Когда Нина знала - [25]
«Куда?» – рассеянно спросил Рафаэль.
«В Голи-Оток», – тут же говорю я ему.
«Откуда ты знаешь, Гили?» – поразился Рафаэль.
«Почувствовала, пап», – бормочу я, а про себя думаю: да со вчера, с тех пор, как ты рассказал мне, что она больна. Это как снежная лавина, которая медленно валится на меня, хоронит меня под собой.
«Скажи, а Гили, думаешь, согласится поехать?» – спросила Нина.
«Не думаю, что Гили поедет».
«Это ненадолго, – сказала Нина, будто все дело в продолжительности поездки. – Два-три дня, не больше».
«Так как тебе кажется, Нина, может, сама ей и предложишь?» – спросил Рафаэль.
Гили – та, о которой речь, – рассеянно рисует атомный гриб над Хиросимой.
«Я? – разразилась Нина горьким смехом. – Да она не согласится услышать даже мой голос. Видел, как она избегала меня весь праздник? Она от отвращения не способна больше минуты смотреть мне в глаза. Но, может, ты ей предложишь? Тебе она не откажет. Попробуй, что уж может случиться? Она тебя не съест».
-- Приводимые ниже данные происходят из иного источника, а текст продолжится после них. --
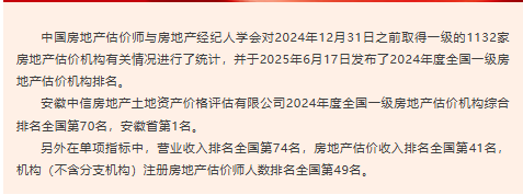 喜報(bào)丨我公司在2024年度房地產(chǎn)評(píng)估行業(yè)排名中取得佳績(jī)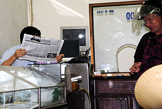 | 13日,在越南首都河內(nèi)市河中街一家外匯代理店,工作人員正在讀報(bào)。越南國家銀行近日出臺(tái)新規(guī)定加強(qiáng)了對(duì)外匯市場(chǎng)的監(jiān)控,使自由市場(chǎng)大部分外匯代理店生意日漸蕭條。本報(bào)記者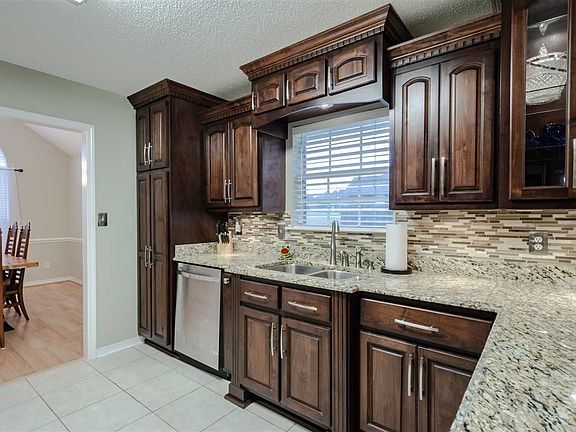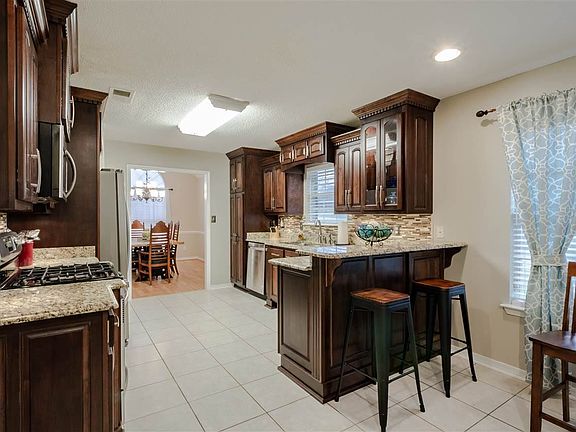This home sits in the highly desirable neighborhood of Autumn Leaf Estates. It offers fresh paint throughout and a versatile enclosed sunroom/bonus/bedroom complete with a closet. The kitchen offers rich dark custom cabinets with a built-in work space, complete with granite countertops. The formal dining room's vaulted ceiling and crescent style transom window allows for a light and airy feel. The living room has trey ceilings crown molding, recessed lighting and a gas-burning fireplace w/mantle for decorating. The second bedroom also offers a vaulted ceiling and crescent shaped transom window and walk in closet. The master suite has trey ceilings and the impressive master bath offers double vanities, extra cabinet storage, a walk-in shower, 2 walk-in closets, a private water closet and soaring vaulted ceilings. The back yard is spacious level and completely fenced. The back patio has been extended for entertaining and the workshop/storage building will convey. Don't miss the chance to see this lovely home. You will fall in love with the curb appeal, the floor plan and the big backyard.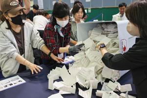 (250603) -- SEÚL, 3 junio, 2025 (Xinhua) -- Trabajadores cuentan las papeletas de las elecciones presidenciales de la República de...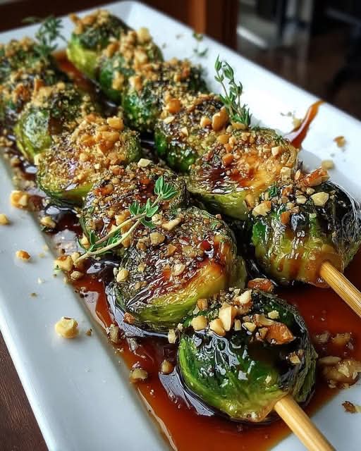 Caramelized Brussels Sprouts Christmas Skewers with Walnut Honey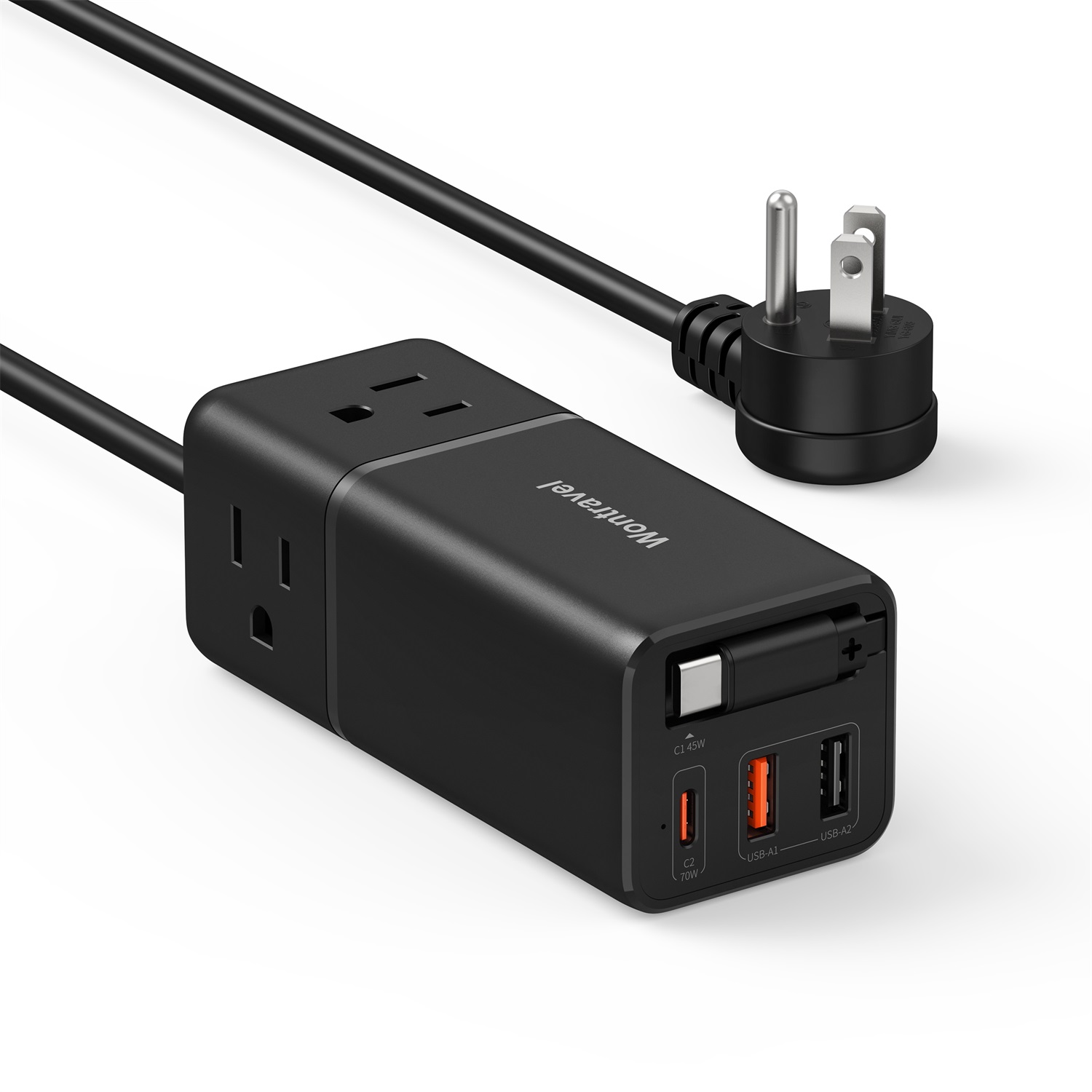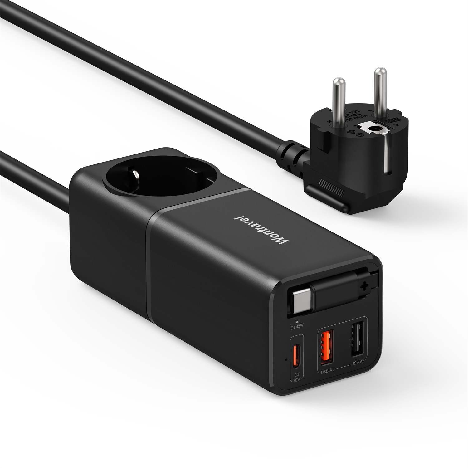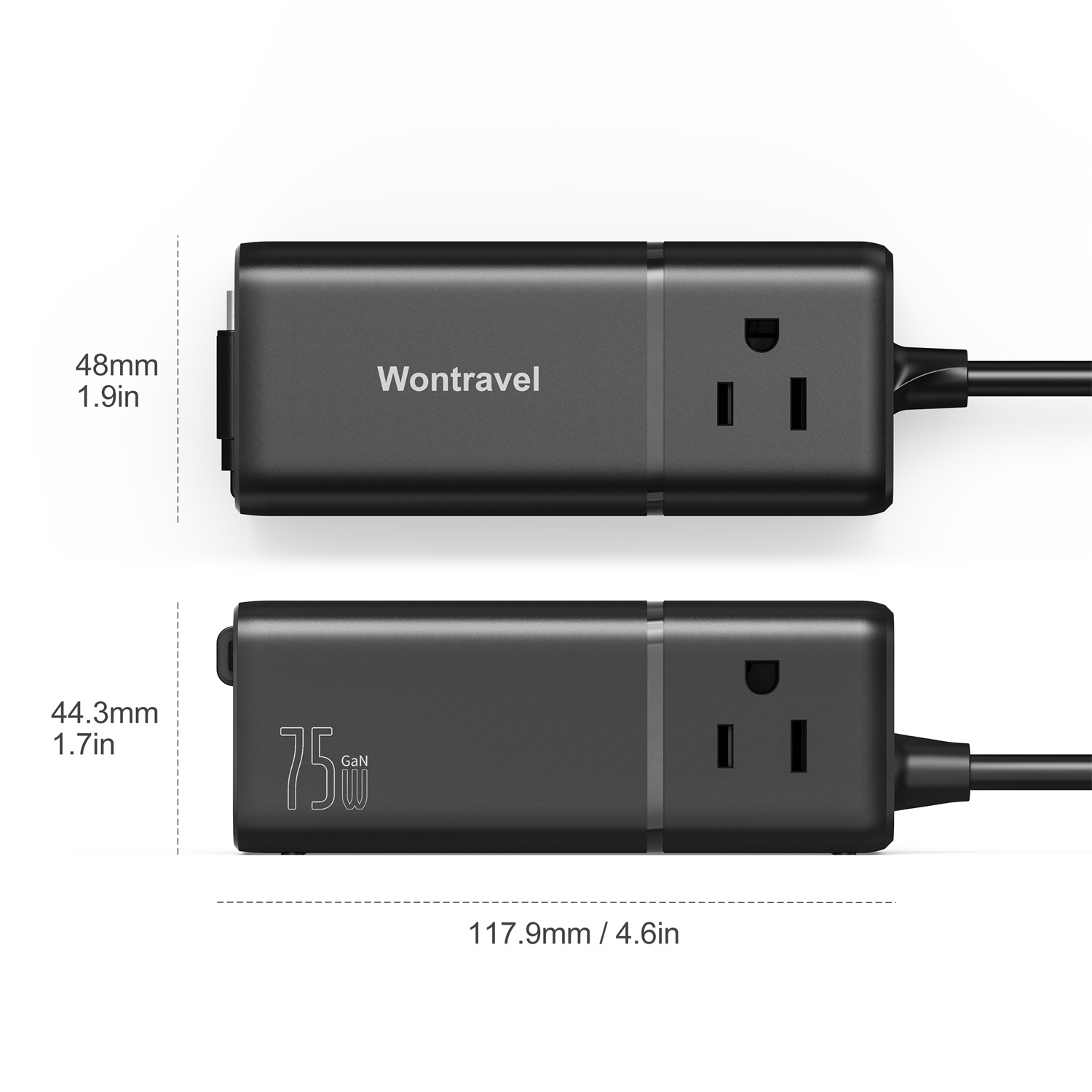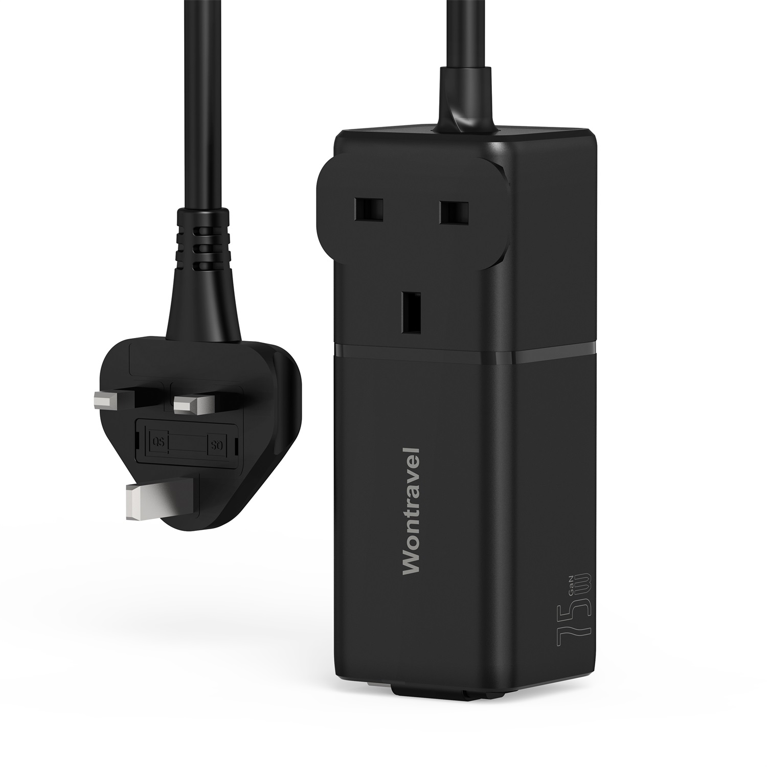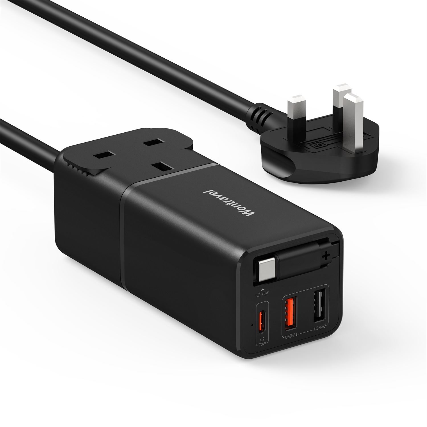 Wontravel EU Version 75W GaN Built-in Retractable Cable Desktop charger

«Знаешь что? Я ей предложу. Максимум скажет «нет». На этой точке наступило долгое молчание. Я знаю Голи-Оток так, будто там родилась. Я могу проводить там экскурсии. В пятом классе в работе о корнях я сделала картонный макет этого острова. Что-нибудь еще? Мой адрес?
I rest my case[17].
Рафаэль молчит. Я рисую вершину скалы, что над пропастью и морем. Там, на самой высокой точке острова, моя Вера простояла пятьдесят семь дней под палящим солнцем и не прыгнула. Если я когда-нибудь окажусь на этом острове, я точно знаю, что сделаю. Я поднимусь до вершины горы и простою час или два, и буду орать волнам, и скалам, и пропасти, потому что они там еще с тех пор и они часть этой истории.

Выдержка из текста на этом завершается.